Ces attaques contre l’État de droit et le manquement aux obligations de la Turquie en matière de droits humains n’ont pas empêché l’UE et ses États membres de traiter avec Ankara dans le domaine de la migration et de l’asile en vue de renforcer les contrôles aux frontières. En décembre 2013, l’UE a signé un accord de réadmission avec la Turquie, contre lequel EuroMed Droits et ses organisations membres l’avaient mise en garde.

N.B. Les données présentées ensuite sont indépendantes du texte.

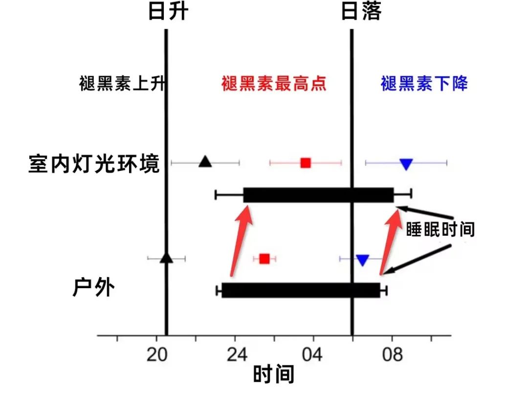 来自研究露营 vs 待在室内的睡眠时间对比,可以看到褪黑素更早分泌,睡眠时间前提,起床时间也前提了。图片来源:文献

La déclaration UE-Turquie a clairement montré la disposition de l’UE à négocier sur les droits des migrants et des réfugiés au nom de la coopération, et ce malgré plusieurs documents prouvant que la Turquie n’est pas un pays « sûr ».

La Turquie est l’un des pays qui accueille le plus de réfugiés venus de Syrie, avec plus de 1,7 million en 2015 d’après le HCR de l’ONU, ce qui a conduit les autorités à fermer le dernier point de passage frontalier en mars 2015. Malgré l’application géographiquement restrictive de la Convention de 1951 relative au statut des réfugiés aux réfugiés européens, la loi de 2014 sur les étrangers et la protection internationale a prévu de meilleures garanties juridiques pour les droits des migrants et des réfugiés. L’accès à la justice, les droits économiques et sociaux, ainsi que la mise en œuvre effective de cette nouvelle loi, restent toutefois des défis de taille.

Égalité des genres et droits des femmes en Turquie

La Turquie a été le premier pays à ratifier la Convention du Conseil de l’Europe sur la prévention et la lutte contre la violence à l’égard des femmes et la violence domestique (« Convention d’Istanbul ») en 2012. Afin d’examiner la mise en application de la Convention d’Istanbul par le gouvernement, malgré les mesures de répression mises en place contre la société civile, une coalition d’organisations turques a présenté un rapport parallèle informatif à l’été 2017.

Ces dix dernières années, la Turquie a enregistré une forte augmentation des violences à l’égard des femmes malgré l’adoption de plusieurs réformes législatives conformes aux normes de l’ONU et aux critères d’adhésion à l’UE. L’affaire d’Özgecan Aslan, victime d’une tentative de viol et d’un meurtre sordide en février 2015, a mis en évidence la culture profonde de violences à l’égard des femmes ainsi que l’échec du gouvernement à combattre ce problème de façon significative.

Le 19 octobre 2017, le parlement turc a approuvé la « Loi Mufti » qui donne le droit aux muftis enregistrés auprès de l’État d’effectuer des mariages civils, marquant ainsi une prise de distance manifeste par rapport au sécularisme de la Turquie.